This is the first in an ongoing series highlighting issues faced by geriatricians and their patients
by TS Dharmarajan MD, MACP, AGSF, FRCPE
Vice Chairman, Department of Medicine; Clinical Director, Geriatrics; Program Director, Geriatric Medicine Fellowship Program
Montefiore Medical Center (Wakefield Campus)
Professor of Medicine, Albert Einstein College of Medicine
Deprescription or Deprescribing is a relatively new term referring to the “appropriate and safe reduction in number or dosage of medications prescribed to an individual”; the process is intended to withdraw unwanted, ineffective medications.1 Deprescribing is not enforced, rather, is voluntary and carried out following discussions between provider and patient and/or caregiver, including acceptance by the latter. Following deprescribing the patient is followed for unexpected consequences that may warrant re-introduction of the medication.
An aging population with associated co-morbidity has resulted in the prescribing of numerous medications to older individuals. The redundant, excessive and inappropriate use of medications is termed “polypharmacy.” Definition of polypharmacy varies, ranging from three to five or more medications prescribed on a continued basis.2,3 Polypharmacy, in conjunction with over-the-counter medications and supplement use leads to adverse drug events (ADEs) and poor outcomes, including hospitalization. Examples of ADEs include falls, fractures, delirium, syncope, organ dysfunction and more. Sometimes, as exception, patients are appropriately on six or more essential medications, as with chronic kidney disease or heart failure. Seniors also visit multiple providers, each adding medications to the list; additionally, many elders also consume over-the-counter supplements.

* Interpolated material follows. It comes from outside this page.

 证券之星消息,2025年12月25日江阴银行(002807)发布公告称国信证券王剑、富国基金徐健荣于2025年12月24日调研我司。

Polypharmacy and associated ADEs result from drug-drug, drug-nutrient or drug-disease interactions. An ADE is “harm resulting from use of a drug, including all adverse drug reactions.”4 Failure to recognize an ADE leads to evaluation, additional prescribing and more poor outcomes. A new geriatric syndrome must be viewed as potentially drug related, prior to needless, expensive testing.

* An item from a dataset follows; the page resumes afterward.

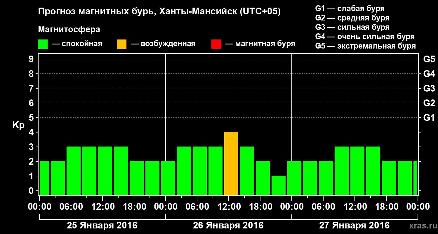 Прогноз магнитных бурь в Ханты-Мансийске на 25 января 2016 года

Who owns responsibility for addressing the burden of polypharmacy? In large part, it is the primary provider or geriatrician, whose onus it is to coordinate care for patients who visit multiple providers of care. Medication reconciliation and opportunity for deprescribing exist at every patient encounter. Periodically, a patient feels overburdened by the number of medications and initiates a request for deprescribing. Unfortunately, there is no incentive for providers to engage patients into long-drawn discussions to assess and withdraw medications which may contribute to the reluctance for providers to attempt deprescribing!
At times, reduction in the dose or drug withdrawal results in negative consequences, as with beta blockers, benzodiazepines and antidepressants. In such cases the drug must be promptly re-introduced. Options always exist. Is a non-drug (life style) approach available? Is the patient on another medication that suffices? Is there any benefit at all from the drug, considering co-morbidity and life expectancy? Has harm resulted from the drug, e.g. renal dysfunction, a fall or hyperkalemia? Several drug classes are always considerations for deprescribing: analgesics, anti-histamines, anti-psychotics, H2 blockers, proton pump inhibitors, vitamins, supplements and sedative hypnotics. In addition to improving outcomes, deprescribing reduces medication costs to patients and participating facilities.5
Ethical aspects may warrant consideration. One must factor comorbidity, life expectancy, quality of life and importantly, opinion of the patient with capacity (or that of caregiver should capacity be lacking). Properly utilized, safe deprescribing is a boon to older adults and results in better healthcare!